Why is it harder now to gift assets and qualify for medicaid?
This has to do with the so called “penalty period.” When someone applied for medicaid under the old law, your checking accounts and other bank statements were checked for the last 36 months for gifts or transfers to family members or others. This is called the “look back” period. Medicaid did not care about gifts made more than 36 months prior to the medicaid application. So if a gift of $50,000 was made more than 36 months before the medicaid application, the applicant would qualify for medicaid. If they found gifts within the 36 months then there was a “penalty period.” Under the old law, the penalty period started when the gift was made. In Illinois, the penalty amount was about $5000.00 per month, so if you gifted $50,000.00 within the 36 month look back period, you were penalized for 10 months from the date that you made the gift and after that you would qualify for medicaid. Confused yet? If not, you are a savant…It was easy under the old law to made gifts over time and still qualify for medicaid.
Now, the look-back period is 60 months. Worse yet, when a gift is made, the penalty period now starts when the client enters the nursing home. So, if a client gifts $50,000.00, the penalty period of $5000.00 per month will make the client ineligible for medicaid for 10 months from the date they enter the nursing home. This makes gifting away assets an almost unusable strategy. The current laws encourage people to buy long-term care insurance and make it hard for those with substantial assets to gift the assets and still qualify for medicaid.

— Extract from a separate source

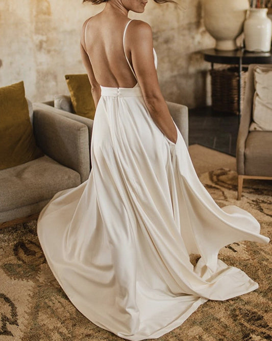 Boho Style Wedding Dresses Satin V Neck Front Slit

So how am I supposed to pay for a nursing home if I need it?
There are only three ways to pay for long-term nursing care:
1. Use your own funds to pay for care, or self-insure.

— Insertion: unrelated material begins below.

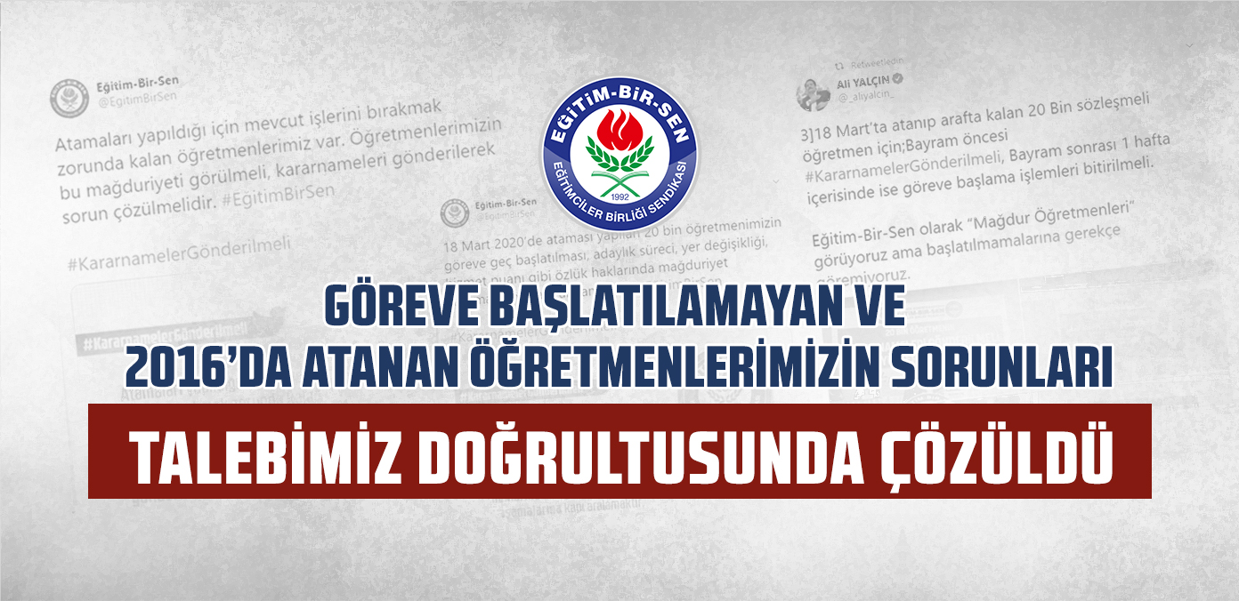 Eğitim-Bir-Sen olarak, 18 Mart’ta atanan 20 bin öğretmenin göreve başlamasının daha fazla zamana yayılmaması çağrısında bulunmuş; Bakanlığa bu hususta başvuruda bulunarak, “Öğretmenlerimizin kazanılmış hakları salgın sürecinde zemine yayılmamalı, kararnameleri gönderilerek hakları zamanında verilmeli, yüzleri güldürülmelidir” demiştik.

2. Buy long-term care insurance to cover some, or all, of the charges. Some clients buy long term care insurance to cover their expense for 3 to 5 years, which carries lower premiums than a lifetime benefit.
3. Have medicaid pay for your care.
Should I buy long-term care insurance?
If you can self-insure, then you won’t need long-term care insurance.
Anyone with assets of $1 million or more can probably safely self-insure.
Those with assets of $1 million or less, should consider some sort of long-term care insurance.